Whitby Museum has a very popular object called the Hand of Glory.  It is ironic that the myth surrounding it is about sleep as there I was at 4am last night wide awake and thinking about it.  I should have just gone to work at around 10.30pm when I began doodling birds in my notes and perhaps I would have worked out my ideas then ........ instead of later lying awake wondering whether I could make a wire bird small enough to be an earring.  Anyway, there I was at 4.20am with Earl Grey tea and my notebook thinking about hands......... glorious hands!

Hands are of course important to the making process and at some point in my residency I will almost certainly start making bracelets or bangles, as they have always been a key part of any collection of jewellery I have designed and made.  The large size of my own hands originally influenced me wanting to make bangles as I could never find any to fit.

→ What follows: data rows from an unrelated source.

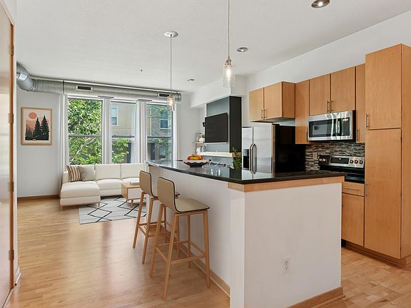 Welcome to Village in the Park Lofts, where style, comfort, and convenience meet in the heart of St.Louis Park! This main-level condo offers an exceptional layout that maximizes every inch of space. Theopen floor plan flows effortlessly from the kitchen with center island, to a cozy dining area, and into aspacious living room anchored by a beautiful gas fireplace. Enjoy south-facing light throughout the day,with views of the quiet courtyard framed by picturesque trees that add both charm and privacy. Stepoutside to your private balcony and soak in the serene setting—truly a rare find so close to the city.Thoughtful features include a Nest Smart Thermostat, LED lighting, water filtration, built-in surroundsound, and quality kitchen appliances (range, microwave, dishwasher), and a new compressor in the airconditioning unit. Exceptional storage is another highlight, with custom cabinetry and a generous amountof closet space not often found in city living. The unit also includes heated, secure underground parkingwith an upgraded raised steel locker for additional storage. Association dues cover fast fiber-opticinternet, making remote work or streaming a breeze. Location doesn’t get better—steps from the futureLight Rail station, with easy access to Hwy 100 & Hwy 7, shopping, dining, parks, and miles of Cedar LakeTrail. Just minutes to Downtown Minneapolis, Lake Bde Maka Ska, and Lake Harriet. Don’t miss this rare opportunity for a blend of convenience, modern updates, and everyday comfort!
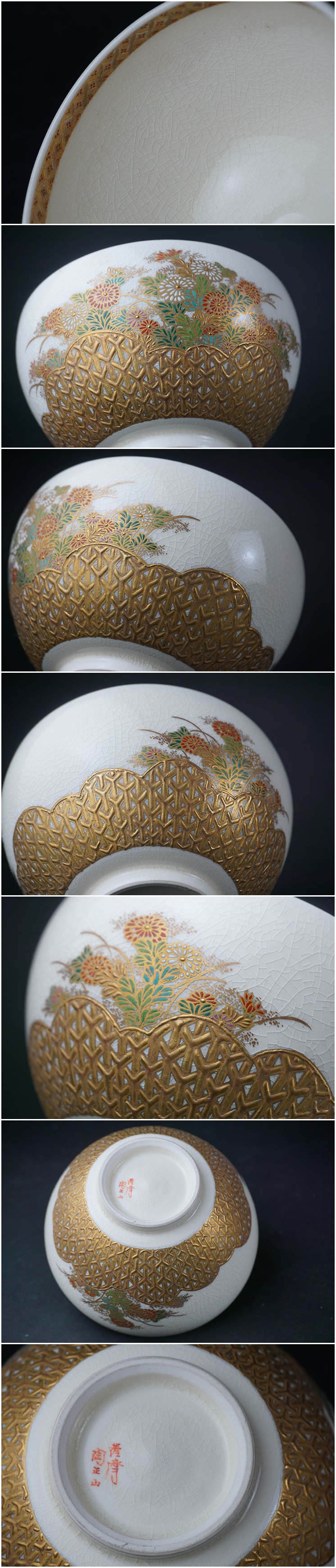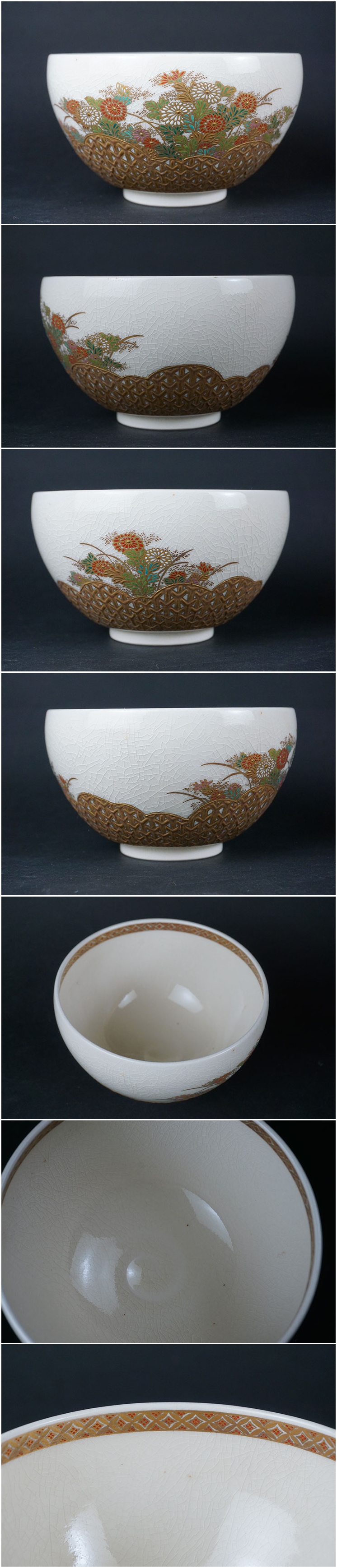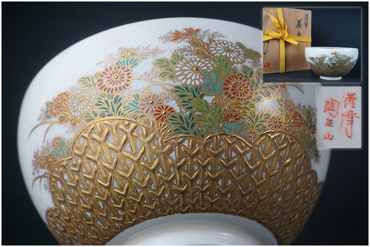 | 薩摩白磁に高台付近にぐるっと金彩の籠を絵付けし、 花を描いた大変豪華な茶碗です。 僅かな使用感のみ、大きな傷はありません。画像ご参考の上ご入札ください。 重さ218g 口径11.9cm 高さ7.6cm 台径5.1cm | |||
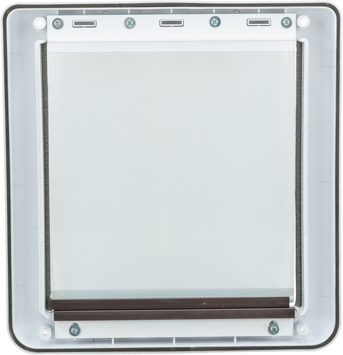- Die Metallrückwand schützt vor Eindringlingen sowie Wind und Wetter. Zum Öffnen der Freilauftür einfach die Metallrückwand durch Ziehen des Metallstiftes nach oben schieben und herausnehmen.
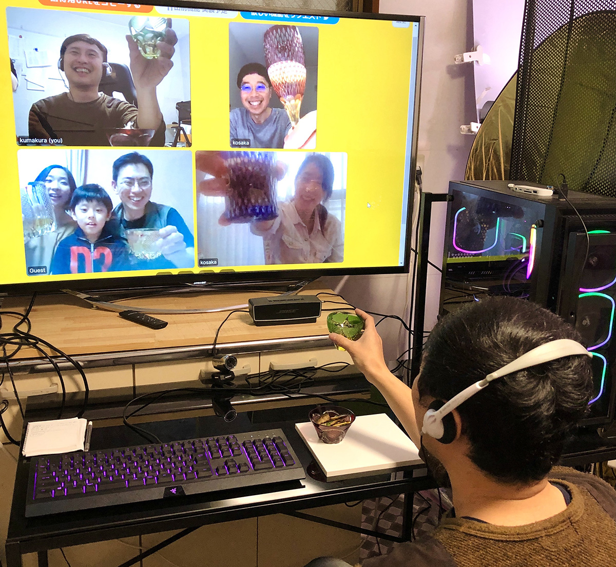 下の写真は、以前スタッフ達でそれぞれマイグラスを使ってリモート飲み会をした時のものです。

I then started thinking about the way we use our hands, particularly in western society - we shake hands, kiss hands, hold hands, using them to write (or more often these days to type and text) we wave in greeting; to attract attention and goodbye.  They are unique, each with their own set of marks of our personal histories - fingerprints and rings signifying our personality and our attachments.  I recall once reading that wearing a ring for any length of time leaves a mark on the bone not just in the flesh of the wearer and also remember being fascinated by a necklace of wire hands in a museum somewhere - was it in the Ashmolean? ..... which brings me back, full circle to the wire.

For my visitors book at the museum I would like people to draw around their own hands on paper, then write their name, date and favourite thing about the museum within the outline - maybe a small drawing in the palm?  I will then cut them out and stick them into my book, which is in the process of being bound by Brian Cole www.thecastlebindery.co.uk and they will become a record of my days at the museum.